------ SUPPLIED ENTRIES
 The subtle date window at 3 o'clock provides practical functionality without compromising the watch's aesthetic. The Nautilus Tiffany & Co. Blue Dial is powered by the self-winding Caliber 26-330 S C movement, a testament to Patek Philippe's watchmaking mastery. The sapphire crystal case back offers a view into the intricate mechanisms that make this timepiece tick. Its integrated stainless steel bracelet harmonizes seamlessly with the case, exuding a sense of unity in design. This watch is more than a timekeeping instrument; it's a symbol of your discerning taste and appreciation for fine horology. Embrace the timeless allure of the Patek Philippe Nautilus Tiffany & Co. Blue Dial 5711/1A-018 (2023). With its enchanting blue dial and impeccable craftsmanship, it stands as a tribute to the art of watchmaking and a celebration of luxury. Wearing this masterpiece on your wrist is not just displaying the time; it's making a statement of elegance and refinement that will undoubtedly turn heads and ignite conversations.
------------
------ SUPPLIED ENTRIES
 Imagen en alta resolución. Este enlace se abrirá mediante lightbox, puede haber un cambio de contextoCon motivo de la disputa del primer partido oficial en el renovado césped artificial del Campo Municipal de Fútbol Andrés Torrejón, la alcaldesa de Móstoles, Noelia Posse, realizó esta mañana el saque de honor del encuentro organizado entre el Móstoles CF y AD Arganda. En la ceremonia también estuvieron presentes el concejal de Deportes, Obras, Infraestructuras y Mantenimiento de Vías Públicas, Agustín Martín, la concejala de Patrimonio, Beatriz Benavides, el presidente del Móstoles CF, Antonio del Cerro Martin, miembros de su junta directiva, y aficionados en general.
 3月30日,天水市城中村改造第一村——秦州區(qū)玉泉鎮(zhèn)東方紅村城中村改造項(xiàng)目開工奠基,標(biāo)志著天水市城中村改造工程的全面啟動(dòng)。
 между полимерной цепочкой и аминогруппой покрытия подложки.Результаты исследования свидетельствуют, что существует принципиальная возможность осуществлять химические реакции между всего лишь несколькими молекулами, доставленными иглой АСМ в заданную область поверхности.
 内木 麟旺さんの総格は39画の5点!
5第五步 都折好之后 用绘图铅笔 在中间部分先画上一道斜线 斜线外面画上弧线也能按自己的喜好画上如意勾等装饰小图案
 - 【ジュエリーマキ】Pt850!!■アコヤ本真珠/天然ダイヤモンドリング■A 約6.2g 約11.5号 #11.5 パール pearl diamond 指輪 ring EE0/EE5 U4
------------
**EXERCISE:** Where the data above reaches the line holding "между полимерной цепочкой", begin printing, and stop after the line holding "- 【ジュエリーマキ】Pt850!!■アコヤ本真珠/天然ダイヤモンドリング■A 約6.2g". Each line must be reproduced exactly, with nothing else added.

**EXERCISE RESPONSE:**
 между полимерной цепочкой и аминогруппой покрытия подложки.Результаты исследования свидетельствуют, что существует принципиальная возможность осуществлять химические реакции между всего лишь несколькими молекулами, доставленными иглой АСМ в заданную область поверхности.
 内木 麟旺さんの総格は39画の5点!
5第五步 都折好之后 用绘图铅笔 在中间部分先画上一道斜线 斜线外面画上弧线也能按自己的喜好画上如意勾等装饰小图案
 - 【ジュエリーマキ】Pt850!!■アコヤ本真珠/天然ダイヤモンドリング■A 約6.2g 約11.5号 #11.5 パール pearl diamond 指輪 ring EE0/EE5 U4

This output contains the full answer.